Недавно у Гнедич, где все очень бедно, очень мизерно, очень неприглядно, кроме жизни духа, встретила юного второкурсника Эткинда Ефима, как он сам представляется. Красивый девятнадцатилетний юноша. Романское отделение. Знает три языка. Любит и чувствует книгу. Переводил для себя Гейне, Верлена и Агриппу д’Обинье. Читал стихотворные переводы Киплинга, написанные каким-то приятелем, таким же девятнадцатилетним юношей. И стихи и перевод весьма нескверные. Смотрела на него, радовалась радостью зрелой, немолодой и чистой: как хорошо – есть, значит, такая молодежь, которая с флиртом и физкультурой соединяет латынь, языкознание, стихи Маллармэ и трагедии Эсхила. Как хорошо, что такая молодежь существует! Как хорошо, что я встретилась с ее представителем и узнала, что он – только один из многих. От этого стало легко и горько. Горько потому, что я остановилась, что за последние годы я ничего не приобретаю, что в свободные часы я могу либо вообще ничего не делать, либо читать неразборчиво и бессистемно, как всегда. А годы идут. И я оскудеваю.
Гнедич уверена, что через два года я буду защищать кандидатскую диссертацию.
А я в этом совсем не уверена.
Гнедич твердо знает, что жизнь я должна кончить доктором es letri, написав нечто блестящее и умное о французской литературе Средневековья и о Вольтере. А я этого не знаю.
Литература! Равель! Леонардо да Винчи!
Да, да, это я, это, конечно, я, но та, которой мне быть не положено, та, которой я могла бы быть, та, о которой я иногда грустно и гордо мечтаю, как о нерожденном сыне, как о ненаписанной поэме, как о неповторимых мигах прошлого.

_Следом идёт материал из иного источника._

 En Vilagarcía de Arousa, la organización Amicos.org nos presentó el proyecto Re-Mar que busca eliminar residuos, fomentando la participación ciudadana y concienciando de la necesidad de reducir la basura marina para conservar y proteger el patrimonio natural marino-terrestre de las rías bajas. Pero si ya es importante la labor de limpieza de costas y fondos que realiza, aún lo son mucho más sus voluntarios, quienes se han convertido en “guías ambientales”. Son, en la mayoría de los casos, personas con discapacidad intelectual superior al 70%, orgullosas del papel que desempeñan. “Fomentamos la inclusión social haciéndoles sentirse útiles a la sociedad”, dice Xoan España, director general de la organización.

Мечтающий солдат – плохой солдат.
И я запрещаю себе даже мечтать.
Вот ворошиловским стрелком я стать могу.
Октябрь, 10, воскресенье
Конец сентября и начало этого месяца в большой работе: порт, университет, ученицы. К педагогике теряю вкус – становлюсь вялой, уроки провожу средне. Мне надоело. И все некогда, некогда. Работа, портниха, неудачные попытки купить черные замшевые туфли, замазка окон, дрова, скучные люди, редкие встречи с Синей Птицей.
На днях: Гнедич и Павловск. Гейне ("Deutschland") и Пастернак ("1905"). Великолепные краски, буйная листва, всегда новые аспекты пейзажей.

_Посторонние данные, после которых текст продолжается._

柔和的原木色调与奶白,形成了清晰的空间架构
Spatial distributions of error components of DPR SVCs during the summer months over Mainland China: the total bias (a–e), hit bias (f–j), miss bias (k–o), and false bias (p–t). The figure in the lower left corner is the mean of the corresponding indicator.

Очень легко, очень далеко проплывают воспоминания: черненькая книжечка – Николь – что-то еще…
Как хорошо: в осенний день
Сквозь непроглядное ненастье
Знать, что оно пришло ко мне,
Мое мучительное счастье…
Мысли ласковые, тихие. Очень хороший день.

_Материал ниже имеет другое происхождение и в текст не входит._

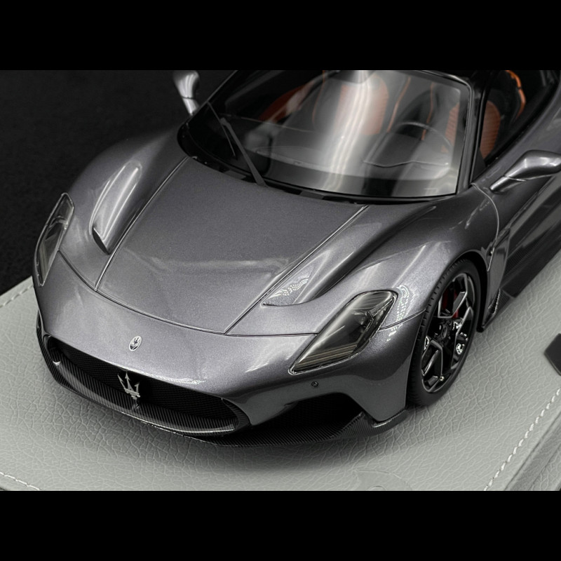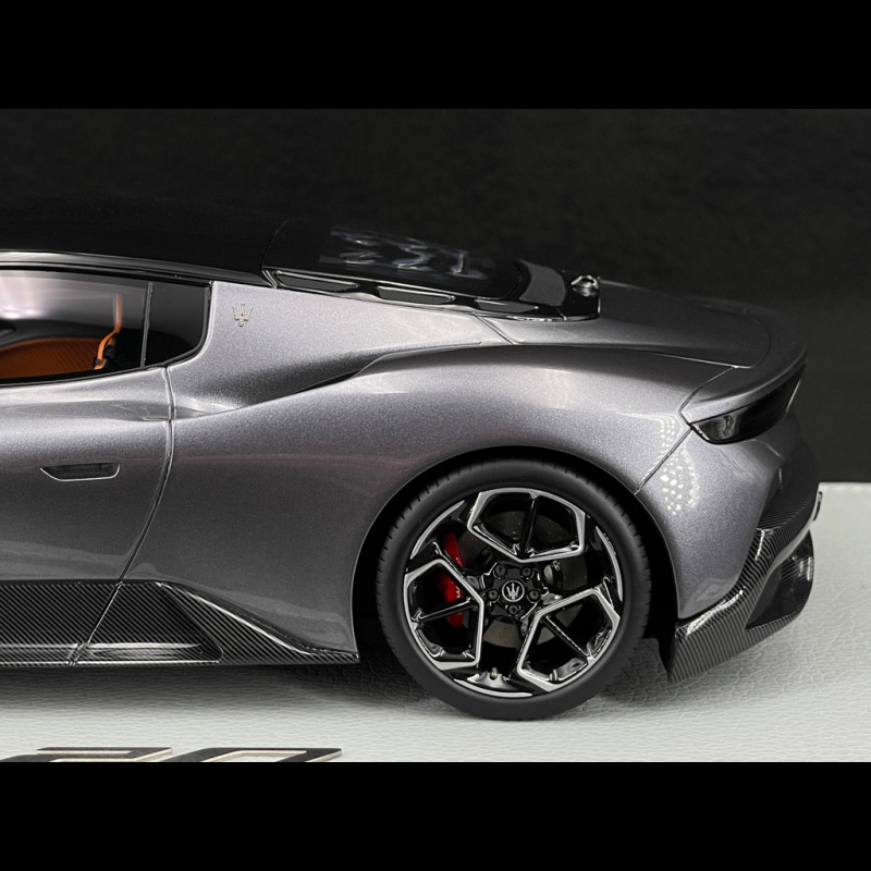 The 1/18 scale Maserati MC20 Grigio Mistero is crafted from high-quality resin, with no opening parts, allowing for an extremely precise rendering of the car's dimensions, bodywork details, and aerodynamic elements. The Grigio Mistero paintwork with a Gloss Black roof is applied with a premium finish that accentuates the supercar's curves, while the wheels, brake calipers, headlights, and Maserati logos are meticulously reproduced to maintain the contemporary look of the real car. The model is presented on an elegant stand and comes with a premium display case, designed for exhibition and to seamlessly integrate into a collection dedicated to Italian GT cars.

Событий много. Всяческие события. А писать не о чем.
16 октября, суббота
После ослепительных часов дня, когда и тело и душа говорят только стихами, – сумерки, дождь, улица. В лавке на Жуковской покупаю Маяковского и Чуковского (о детях). Думаю о книгах, о лавке, о том, что дождь, что хочется поехать дальше, что в трамах много народу, что где-то зовет меня голос – мой голос, самый любимый голос неизвестного и любимого, что голос будет звать меня напрасно, что я не приду, что я скована.
Как необычны круги моей жизни! И сколько в жизни моей тьмы, настоящей тьмы. Озаренная небывалым светом, окрыленная небывалой страстью (огонь – чистота), я все-таки стою во тьме, и пути мои ночные.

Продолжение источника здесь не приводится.